Thoughts in No Particular Order

Thoughts on the passing of Deepak Babu

The passing of Deepak babu or DB as most people who have traipsed through Presidency College will have known him as, brought an inexplicable sadness. I like many of my friends, was one of his less distinguised students, and as such we shared no bond. No friendship. No communication once I stepped out of college. But a man is known by the legends he creates. And Deepak babu was a man whose life was rife with legend. Stories of the things he said, things he scoffed at, the way he taught, the way he chastised, stories of his misspent youth, stories of his dismissive views of people around him... All these are the stories that made the man. Great stories make great men, and DB was a man about whom there were many great stories. Credited with phrases such as "you are innocent of economics" and "boi poro na - literary crossword cheshta koro kano?" - some of us were fortunate to have been the recipient of his wisdom, some fortunate to be the reason for his sarcasm. Most of us were just fortunate to be there when he was. From the time I joined Presidency college, the stories were whispered in the corridors and on the steps - this is where DB once got drunk as a student ... this is where DB told off so and so in no uncertain terms... some almost unreal. Like how he stowed away and worked on a ship to get to England. Or like when he saw a student staring at his wife how he put an arm around his shoulders and told him he would also get a pretty wife if he studied hard... many of them made great story telling and were perhaps far removed from reality. But like I said, great men make great legends, and their passing leaves a very large void in the fabric of our lives, distant though he may have been to us. And that great, distant void brings this inexplicable sadness.

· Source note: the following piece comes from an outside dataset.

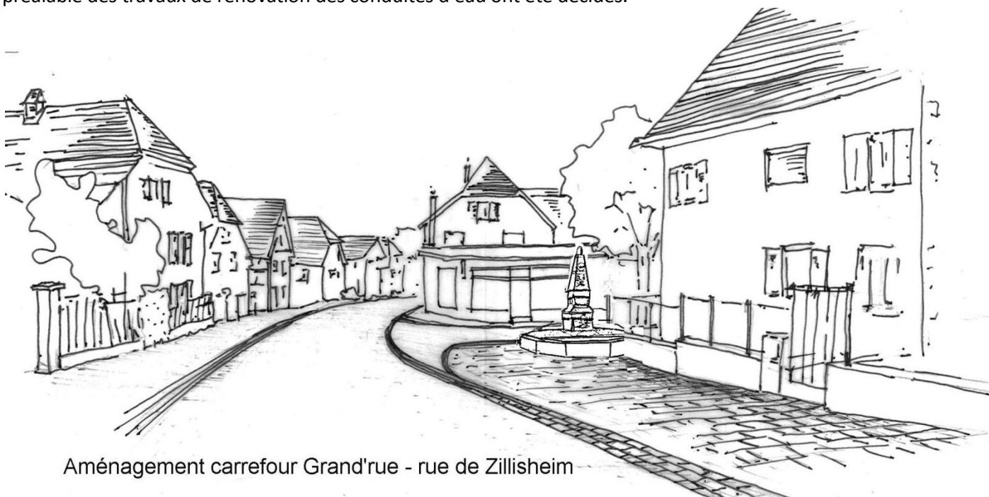
Aménagement carrefour Grand'rue - rue de Zillisheim

L'appel d'offres des travaux d'aménagement du carrefour rue de Zillisheim - Grand' Rue, 1 ère phase, des abords de la mairie a été favorable par rapport à l'estimation. Le chantier commencera début novembre. Au préalable des travaux de rénovation des conduites d'eau ont été décidés.

Thoughts on Weather Deterrants
carried an umbrella today. It therefore didn't rain.

Thoughts on Racism in Big Brother

As I write this, Shilpa Shetty is on her way to becoming the face of anti-racism. It’s not an unattractive face, to be honest and one could have done worse. But it seems a bit ironic that such an important issue has surfaced so universally, in the definitively but compulsively banal Big Brother show, whose only claim to noteworthiness is the darker aspects of social engineering it seems to always suggest – couched in its grotesque attractiveness. Its also a sign of the lack of social enlightenment which haunts Britain’s masses – making them no different to their much pilloried American counterparts.

What should worry most British people is not that racism exists, because in smaller and larger doses, it does, universally exist – even in India or Pakistan – but that the ironically named Ms Goody is a publicly known figure who attracts her share of ridicule now and then but is otherwise not seen as racially offensive or right-wing or even a particularly nasty person. This means that for most Britons, she was, hitherto, “one of us”. Suddenly, her new image - insensitive, racially prejudiced, not very clever and not very nice – hurts more because of this reason. It’s not a nice stereotype you’d want beamed across the world. The reality is perhaps ignorance and not racism. But that too is scant solace.